# Correct wiring?



## zensome (24/9/17)

I purchased a speed controller from ebay that did not come with a wiring diagram, after a little research I have labelled where I think the wiring goes, could someone please confirm that this is in fact correct.

many thanks


----------



## evoo4u (24/9/17)

The connection setup is usually printed on the board near the connectors, like in this one which looks pretty similar:


----------



## bevan (24/9/17)

Looking on the pcb it shows a diagram for your connections, which looks like you've got right. Check yours for the same thing.
Edit: beat me to it @evoo4u


----------



## FarsideOfCrazy (24/9/17)

What are you intending to run with this controller?
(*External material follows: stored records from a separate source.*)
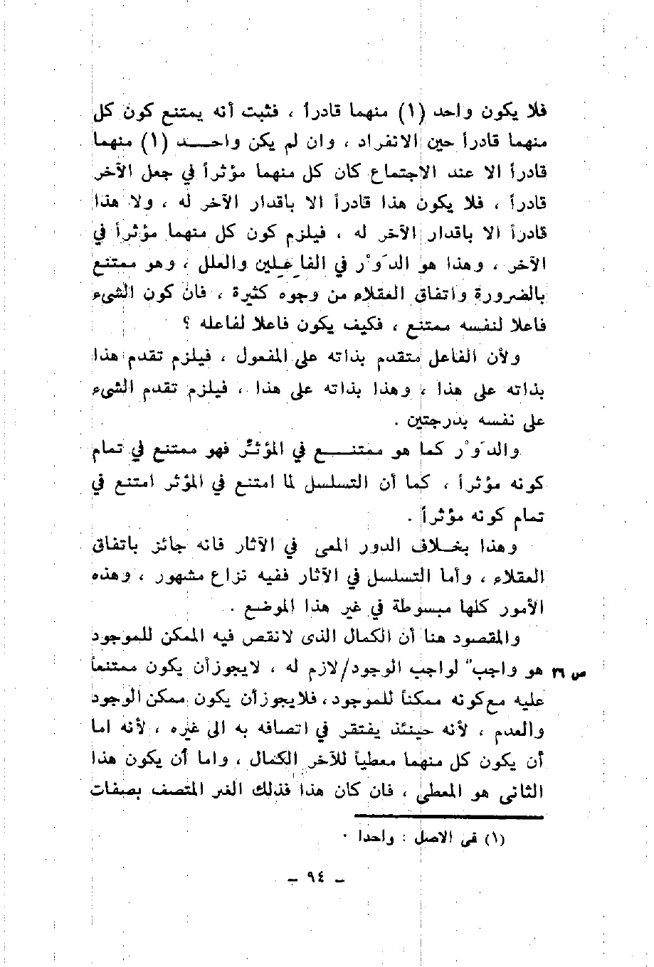 فلا يكون واحد منهما قادرا فثبت أنه يمتنع كون كل منهما قادرا حين الانفراد وإن لم يكن واحد منهما قادرا إلا عند الاجتماع كان كل منهما مؤثرا في جعل الآخر قادرا فلا يكون هذا قادرا إلا بأقدار الآخر له ولا هذا قادرا إلا بأقدار الآخر له فيلزم كون كل منهما مؤثرا في الآخر وهذا هو الدور في الفاعلين والعلل وهو ممتنع بالضرورة واتفاق العقلاء من وجوه كثيرة فإن كون الشيء فاعلا لنفسه ممتنع فكيف يكون فاعلا لفاعله
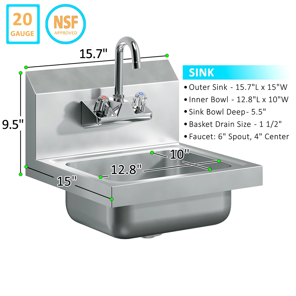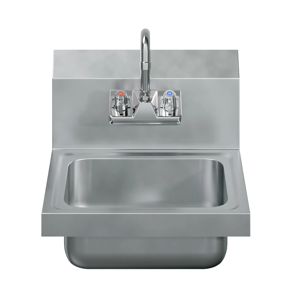 This sink is equipped with a faucet for convenient water access, allowing for easy handwashing and quick cleaning tasks. Its compact 15 in. x 15 in. size makes it perfect for tight spaces such as restaurant kitchens, bars, food trucks, utility rooms, or restrooms. The space-saving design does not compromise on functionality, providing a practical and durable washing station wherever needed.
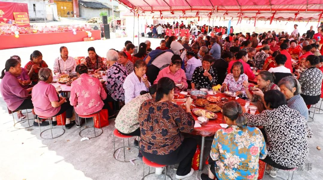 活動現(xiàn)場,最為熱鬧的是團圓餐,村民與老人們圍坐在一塊,笑聲不斷,其樂融融?!拔?01歲了,得到2000元紅包,很開心?!绷荷P是蕩坪屯最年長的老人,每年都會被邀請來參加村里舉行的重陽節(jié)活動。此次活動,蕩坪屯還邀請回鄉(xiāng)人員、知青以及外嫁女子一同參加。
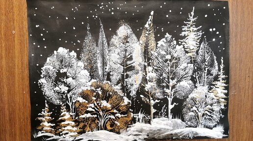 Как с помощью пары листьев просто нарисовать зимний лес, потратив 10 минут и не умея рисовать
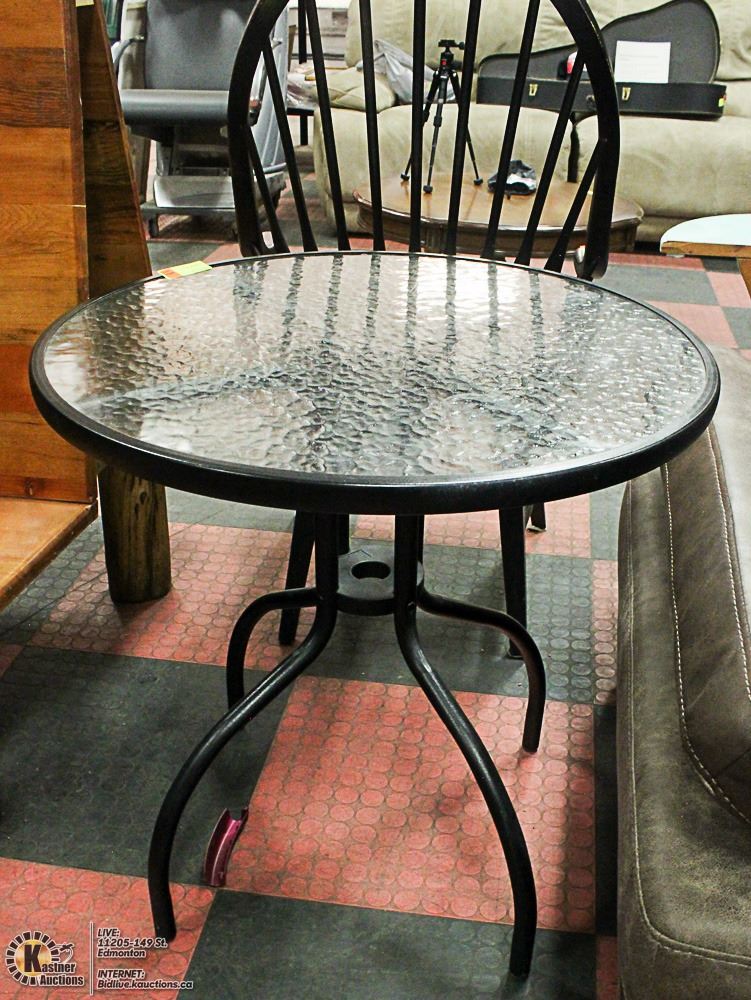 SMALL METAL AND GLASS PATIO TABLE, 27" DIAMETER

I've been looking at some controllers on eBay to run the motion dynamics motor for my grain mill, MD controllers are out of stock unless you want the expensive one.

This was one that I saw.

Let us know how it goes.


----------



## zensome (25/9/17)

Thanks, I should of taken it out of its enclosure and looked...... my wife sometimes says I am a little "special". 




FarsideOfCrazy said:


> What are you intending to run with this controller? I've been looking at some controllers on eBay to run the motion dynamics motor for my grain mill, MD controllers are out of stock unless you want the expensive one.
> 
> This was one that I saw.
> 
> Let us know how it goes.



I have a motor to agitate my HLT as it is the primary heat source for my mash tun but it runs a little too fast, this should help will let you know.

Cheers


----------